Düşüncelerimi belirtirken duygusallıktan ziyade aklı öne alacağım. Küresel politikalardaki değişiklikler Türkiye’de de bazı değişikliklere yol açtı. Daha önce amacı Türkiye sınırları içerisinde toprak talebi olan, 30 yıl boyunca insanlarımızı öldüren taşeron terör örgütünün siyasi sözcüleri, hiçbir şey talep etmeden silahlı unsurlarının Türkiye sınırları dışına çıkacağını söylüyordu. Devlet de aynı şeyleri söylüyordu. Sanki bir anlaşma var gibiydi arka planda. Peki, bu nasıl olurdu? Ben o günlerde yakın çevreme; PKK’ya, Türkiye sınırları dışında başka bir yer gösterilmiş olabileceğini söylemiştim. Onlar için yerin çok da önemi yoktu nasıl olsa. Fransız ve İngilizlerin 100 yıl önce verdikleri Ermenistan ve Kürdistan sözünün yerine gelmesiydi önemli olan. İşin ciddiyeti Ermenistan kurulduktan sonra anlaşıldı. Sırada Kürdistan vardı. Fakat bu iş-belki de şimdilik- Türkiye sınırları içinde olacağa benzemiyordu.
KÜRESEL OYUNCULAR
Irak ve Suriye’deki karışık durum ve konum daha müsait idi Kürdistan için. Türkiye’nin yardımıyla da böylece -şimdilik- herkes kazanmış olacaktı. O zaman; bu örgütün taleplerinin büyük kısmı siyasi olarak karşılanmalı ve bu talepler için silahlı mücadeleye gerek kalmamalıydı. Öyle de yapıldı. Devlet aklı olarak, sonuca gitme açısından mantıklı görünüyor. Fakat küresel başka oyuncuların katılmasıyla bu durum bozulmuşa benziyor. Ve bu durum, PKK’nın değişik merkezlerden yönetildiğini göstermesi bakımından da önemli görünüyor.

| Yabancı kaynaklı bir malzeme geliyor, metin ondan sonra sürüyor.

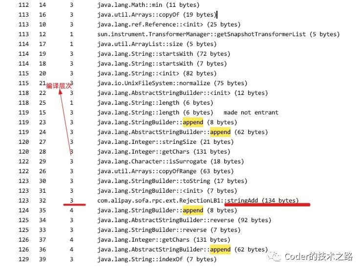 我们看到,随着代码的执行次数的增加,一些方法,进行了C1编译,如我们的主方法stringAdd,而少数方法,从C1编译提升到了C2编译,如AbstractStringBuilder::append方法。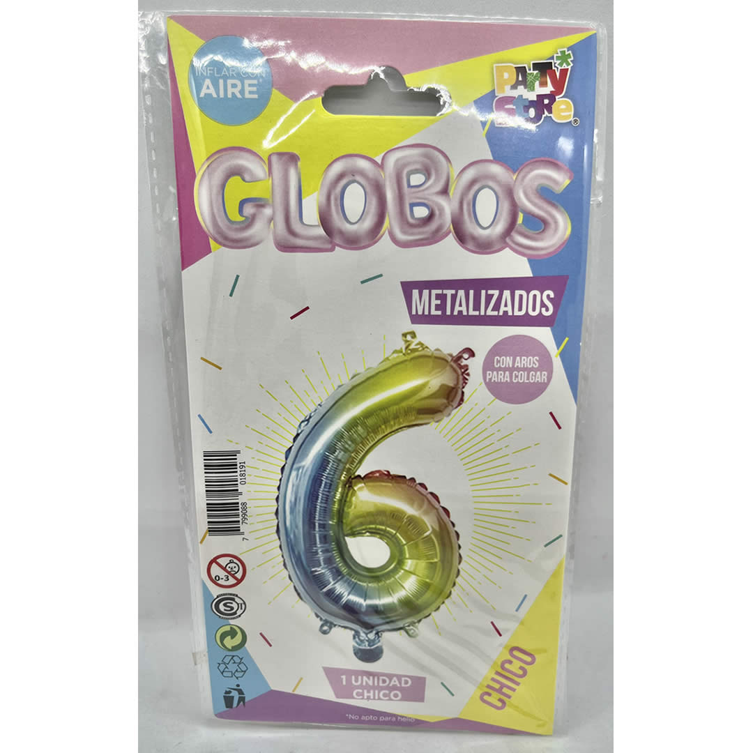 GLOBO NUMERO 6 MULTICOLOR 16′, 40 cm, solo para inflar con aire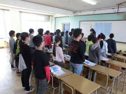 今日から本格的に授業が始まりました。6年生は,音楽の授業をスクールサポーターの内田 雪子先生にお世話になります。授業の最初に内田先生は,「レベルの高い歌声や演奏を目指しましょう。」とお話しされました。1年間の学習を通して,少しずつでも歌や楽器の演奏が上達できるようになってほしいです。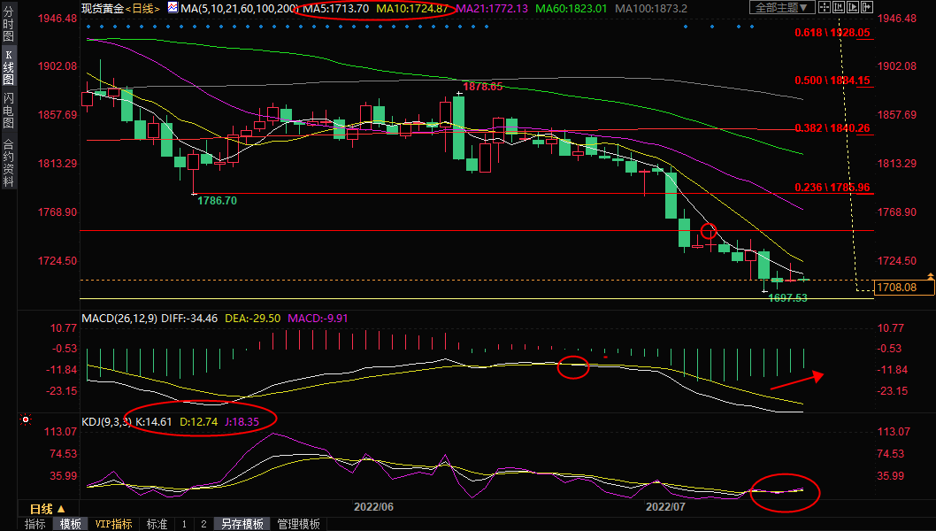 鉴于KDJ发出超卖信号后初步金叉,短线金价仍存在震荡反弹的机会;初步阻力在5日均线1713.81附近,10日均线阻力在1724.92附近,上周四高点阻力在1736.07附近;强阻力在7月8日高点1752.36附近,如果金价能够收复该位置,则增加后市看涨信号。
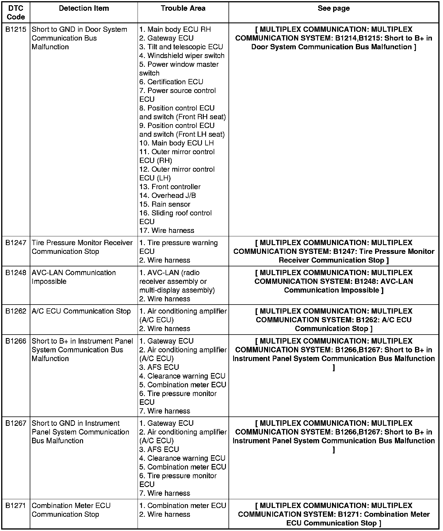When "+B or GND short malfunction of communication bus" DTCs (B1266 and B1267) are detected at the same time as "communication stop" DTCs (B1200, B1205, B1216, B1208, B1209, B1213, B1272, B1287 and B1294), please repair the "+B or GND short malfunction of communication bus" DTCs first.
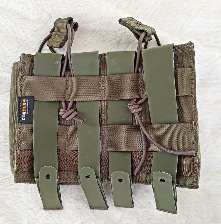 Tasmanien tiger olivgröna magasinfickor. Praktiska fickor för Molle-system, tillverkade av slitstark Cordura. Fickorna har flera fästen och är designade för att enkelt fästas på västar eller ryggsäckar. Passar bra för både friluftsliv och taktiska aktiviteter.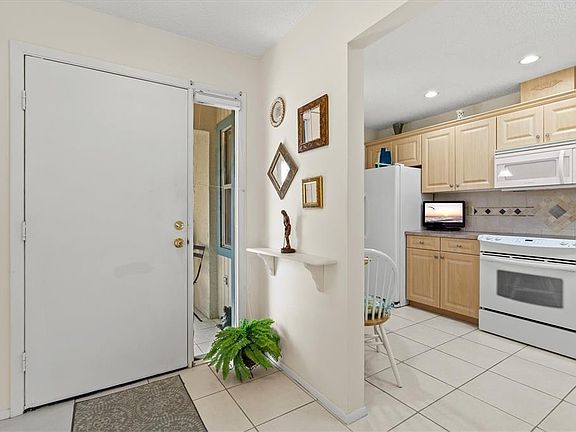 Exceptional privacyCozy dinetteVaulted ceilingsTile flooringBright spotless kitchenTile backsplashPrivate screened entry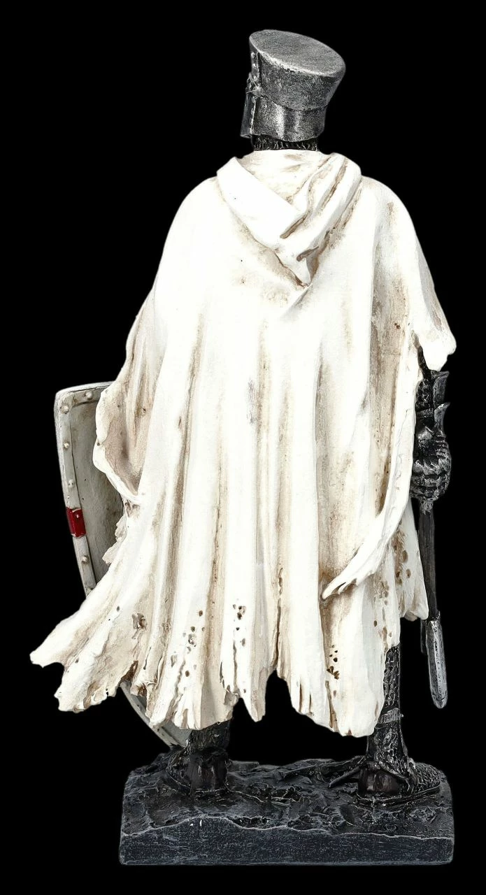 Eine wunderbare Ergänzung für jede Rittersammlung ist diese 19 cm hohe, 10 cm breite und 6 cm tiefe Figur eines Templers. Breitbeinig sicher steht der Ritter in seinem weißen Umhang mit dem roten Kreuz auf der Brust auf seinem Standplatz. In der rechten Hand hält er eine Axt und mit der linken das weiße Schild mit rotem Kreuz, das vor seinen Knien noch fest am Boden steht. Der Kopf mit dem geschlossenen Ritterhelm ist zur Seite gedreht, so dass es wirkt, als würde er auf seinen Befehl zum Angriff warten. Die Figur des Templers mit der Axt wurde detailreich aus handbemaltem Kunststein (Polyresin) gefertigt und ist ein fantastisches Geschenk für Templer und Ritter passt hervorragend zu den weiteren Templer-Figuren aus unserem Shop.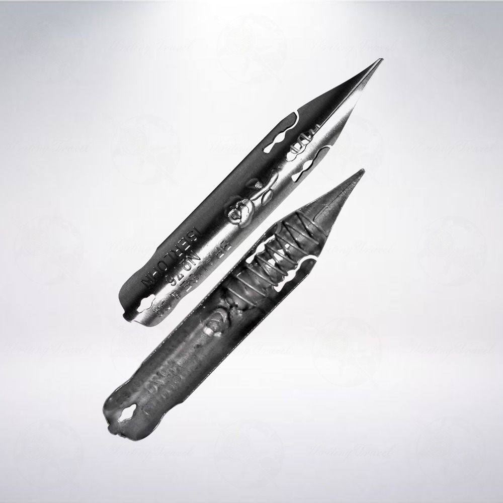 特色: 筆尖軟彈,粗細變化大,適合寫大字,新筆尖需去除表面保護油,方能順利出墨。此筆尖內側嵌入彈簧式儲墨器,除了改善出墨問題外,若將整個彈簧儲墨器裝滿墨水(可用滴管輔助),寫字續航力大幅提升,約莫可寫英文字母50個(墨水不同可能稍有差異)。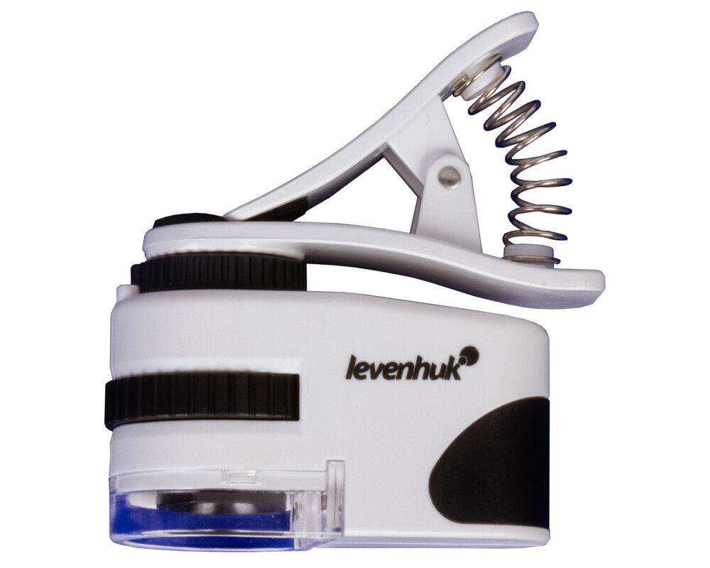 - Джобен микроскоп с щипка за прикрепяне към мобилно устройство

KAZANAN TÜRKİYE OLMAMIŞTIR
Sonuçta durumun buraya geleceği, birçok kişi, parti ve yazarında uyarmasına rağmen öngörülememiş ve çözüm sürecinde başa dönülmüş, Türkiye zaman kaybetmiş, aldatılmış ve maalesef kazanan yine Türkiye olmamıştır. Benim kabullenemediğim; çözüm sürecinden önce yaşananlardır. Bu sürece itiraz edebilecek isimler ve yapılar bir bir etkisiz hale getirildiler. Atatürk’ün kurduğu ve başında Müslüman bir Türkmen, dedesi imam olan Deniz Baykal ve CHP operasyonu, MHP milletvekillerine yapılan kaset operasyonları, medya operasyonları, bu sürece taş koyabilecek kişilerin gündem dışına atılma operasyonları gibi… Eğer bunlar yol-mıntıka temizliği olarak biliniyor idiyse ve kabul edildiyse bunun vebali çok ağır olur. Terör örgütünün nasıl bitirileceği konusu ise uzmanların ve yönetenlerin işi olsa gerek. Zaten benim bileceğim bir konu olsaydı bu zamana kadar halledilirdi.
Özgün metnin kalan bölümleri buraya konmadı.